Trading update: Distribution, which comprises more than 90% of the group’s profit, saw good revenue growth across most markets, most notably Asia, where growth was led by Singapore, and Europe. Challenges in the Australian distribution segment regarding Subaru supply constraints impacted trading in Australia, which offset growth in distribution profits in other territories. The group continues to integrate the new Central America operations successfully and according to plan. In retail, continued strength in Russia was offset by weakness in the UK and Australia as expected. Profit in these markets is however said to be stabilising with both markets proving broadly stable year on year, which the group expects to continue through 2019E. The group continues to review the retail portfolio and has announced the disposal of Honda and Mitsubishi retail sites in Australia, for cash proceeds of £11m which will result in a profit on disposal. These sites have been marginally loss making year-to-date. Also announced today, the group will be commencing a new £100m buyback scheme, reflecting the high cash generation of the business, and in line with the group’s long track record in delivering shareholder value through capital allocation, with potential for M&A through the forecast period on top of this.

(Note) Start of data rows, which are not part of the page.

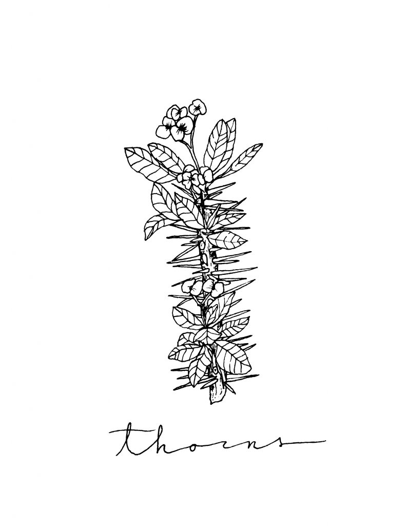 Thorns are spoken in the scriptures in Mark 4 in the parable in sower. But more known is that crown of thorns placed on Jesus head during his crucifixion in John 19:2.
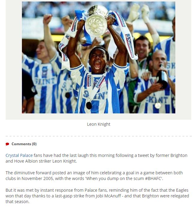 Bexley Dave Can you hear the Brighton sing? I can't hear a ******* thing! "The most arrogant, obnoxious bunch of deluded little sun tanned, loafer wearing mummy's boys I've ever had the misfortune of having to listen to" (Burnley forum) |
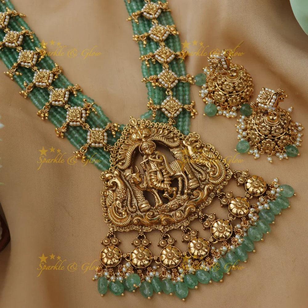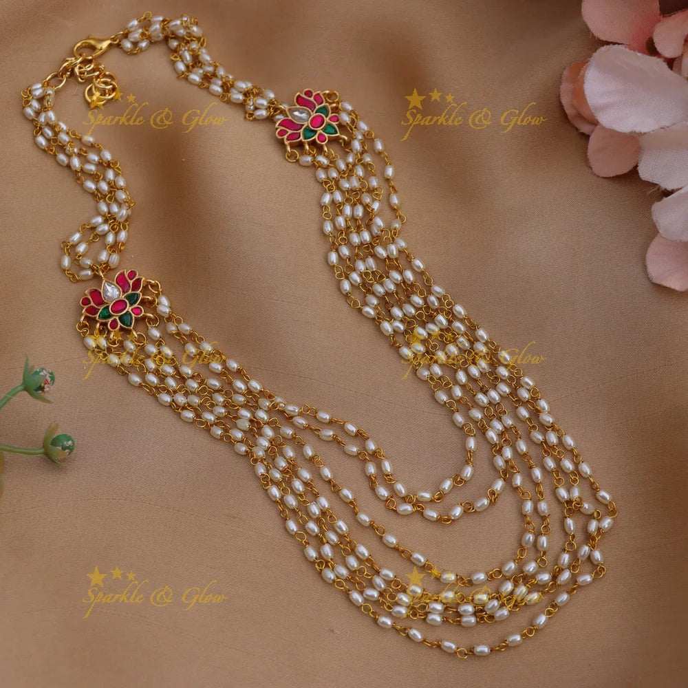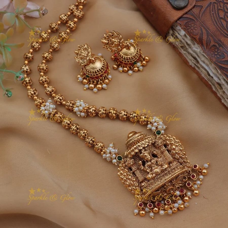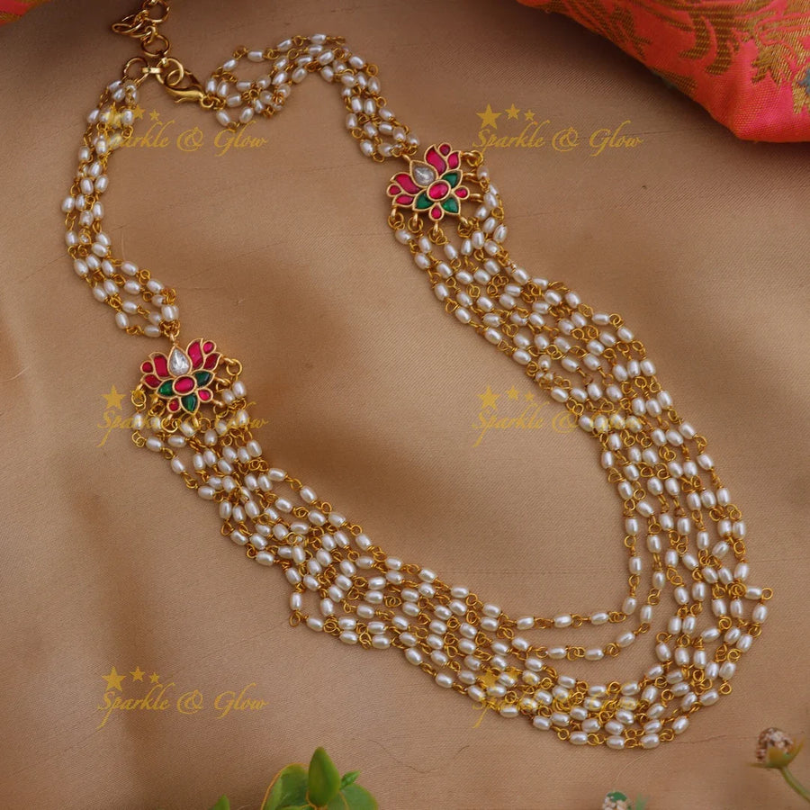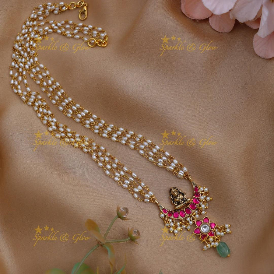 Our Beaded Necklaces Collection showcases a stunning range of jewellery pieces, each one more exquisite than the last. From glistening gutta pusalu harams adorned with sparkling kemp and cz stones, to high neck chokers featuring real kemp stones and vibrant green beads, our collection offers variety and quality. Each necklace is meticulously crafted, with a matte gold polish finish that reflects the richness of traditional Indian jewellery.
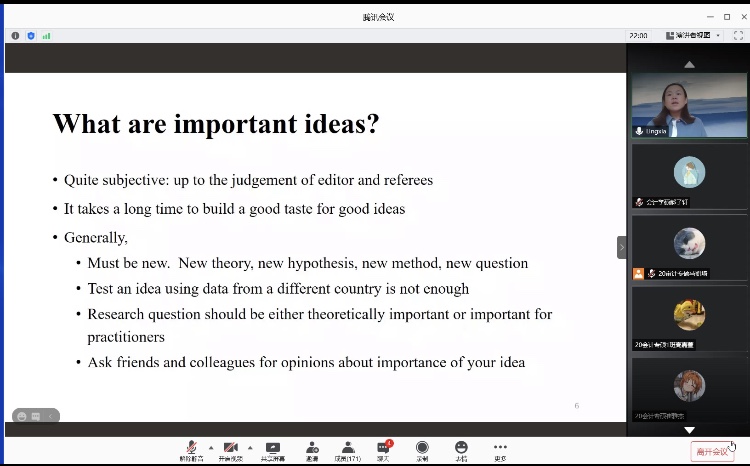 2020年10月13日上午,中山大学国际金融公司孙凌霞博士应太阳集团122cc邀请,通过腾讯会议平台为同学们作题为《如何撰写和发表高水平论文》的报告。太阳集团122cc副经理李西文、公司部分教师及2019级、2020级全体研究生参加了本次讲座。

Outlook: Performance year to date is reported to have been been in-line with the Group’s expectations, with both Retail and Distribution on track for the full year. Excluding the transactional Yen headwind, the group expects to report profits in line with guidance albeit this is likely to be H2 weighted as H1 is impacted by supply constraints.
Investment view: Inchcape trades on a 2019E P/E of 9.6x falling to 8.8x in 2020E, which we believe is at odds vs. its distribution peers, as well as the ROCE delivered of 28%. We remain comfortable with the long term assumptions made in our initiation note in December. The average share price outcome based on our valuation techniques pointed towards an intrinsic value in excess of 809p, which we believe is achievable within a three-year time horizon, which implies 45% upside from current levels.